The June data will let us know whether this trend of wage moderation is continuing. If it is, it would be unfortunate if the Fed ignored these data in deference to the much smaller ECI.
Jobs and Hours
We have seen conflicting patterns in recent months between job growth in the establishment survey and hours worked. Over the last three months, the economy has created an average of 283,000 jobs. This pace is likely faster than can be sustained in an economy close to full employment.
However, the index of aggregate hours has actually been falling slightly, with the May level 0.2 percent below the January level. This is equivalent to a loss of more than 260,000 private sector jobs. The reduction in the length of the average workweek presumably means that employers no longer feel a need to have workers put in more hours due to an inability to find new workers.
It also means that the demand for labor is actually not rising rapidly, if it is even rising at all. It is important that this hours measure be given at least as much attention as the jobs number. Employers are not going to be continually reducing the length of the workweek. If they are not seeing an increase in demand for labor, hiring will slow.
The unemployment rate rose from 3.4 percent in April to 3.7 percent in May (actually, 3.65 percent). It’s likely that part of this increase was simply measurement error, with the April number perhaps slightly understating the true unemployment rate and the May number overstating it; but nonetheless, a 0.3 percentage point rise is concerning. If there is a further rise in June, then we would have to start worrying about the possibility we are entering a recession.

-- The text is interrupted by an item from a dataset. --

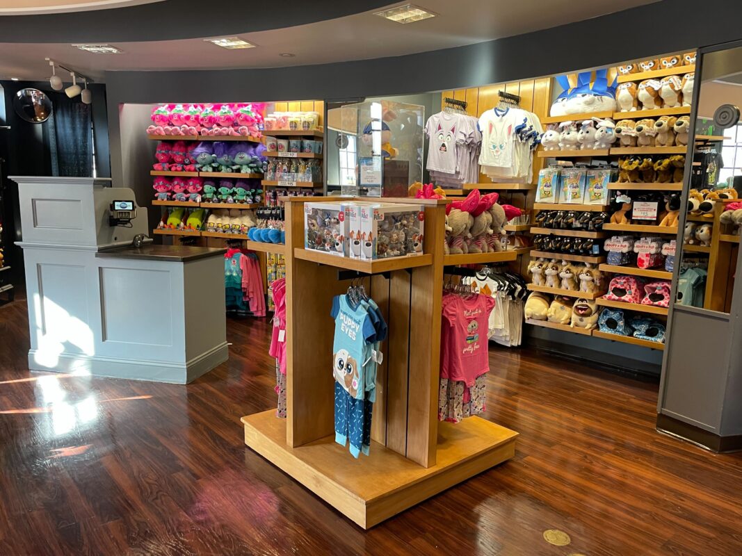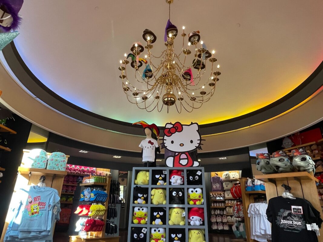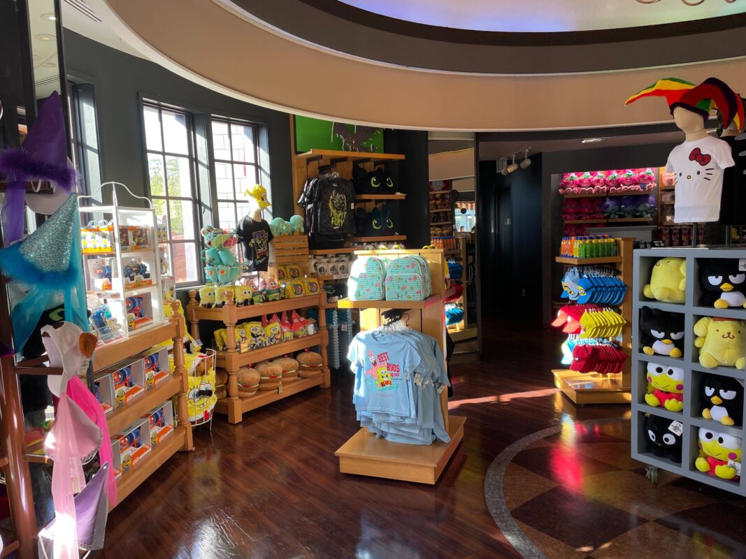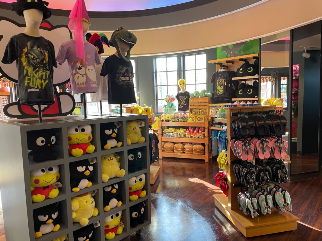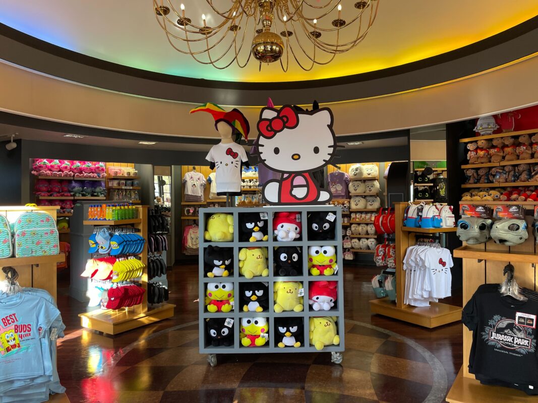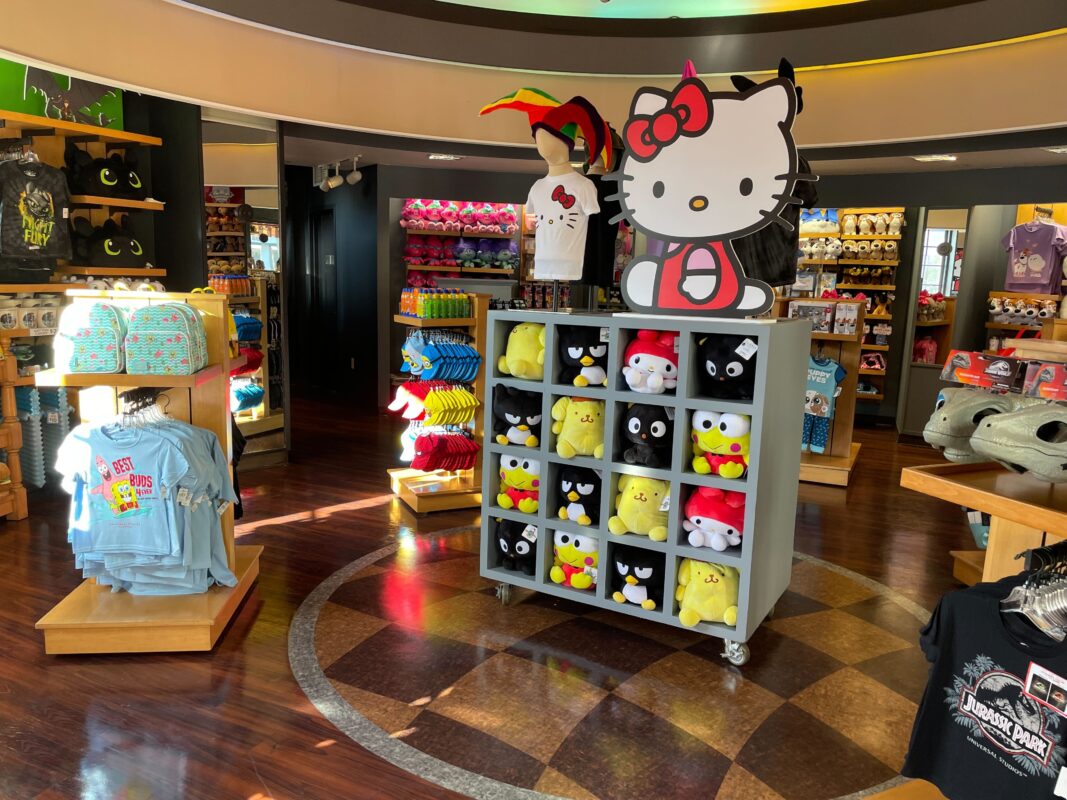 The store carries apparel in youth sizes plus accessories and toys. A Hello Kitty display sits front and center.

However, little else seems to be going in that direction. The establishment survey is showing very fast growth in jobs, we continue to see very low numbers for new and continuing unemployment claims, and there is no surge in layoffs in the JOLTS data. Most likely the May increase in unemployment was an anomaly, with the number likely to remain stable or even edge back down in June.
Labor Force Participation
The labor force participation rate (LFPR) for prime age workers (ages 25 to 54) is continuing to creep up, and is now 0.3 percentage points above its pre-pandemic peak. This is being driven by women’s LFPR, which is now at an all-time high and 0.6 percentage points above its pre-pandemic peak. The LFPR for men was 0.3 percentage points below its pre-pandemic peak. It still seems to be on its long downward trend.
We had record low Black unemployment in April, as the unemployment rate fell to 4.7 percent. The unemployment rate for Black workers jumped to 5.6 percent in May. It is likely that part of this increase was measurement error, but, in that case, we should expect to see some drop in June.
Unemployment Due to Voluntary Quits
The share of unemployment due to people voluntarily quitting their jobs hit a three decade high in September of last year at 15.8 percent. It has since fallen back sharply, and stood at 12.6 percent in May. This is still a relatively high share, but well below peaks hit before the pandemic or in the late 1990s boom. It will be cause for concern if it declines further in June.
Conclusion: A Strong and Stable Jobs Market?
The Fed wanted to slow the economy and weaken the labor market. This has certainly happened. Wage growth has slowed sharply, arguably to a pace that is consistent with the Fed’s target. The rate of job creation is way below the clearly unsustainable pace of 2022. If we measure labor demand by hours, then we are actually seeing a very modest rate of growth. If the labor market can stay where it is now, we would be in a place where jobs are relatively plentiful (although, crucially, still a problem for Black people and other disadvantaged groups) and real wages are rising at a decent pace. We will have to see whether the Fed’s past and future rate hikes ruin this picture.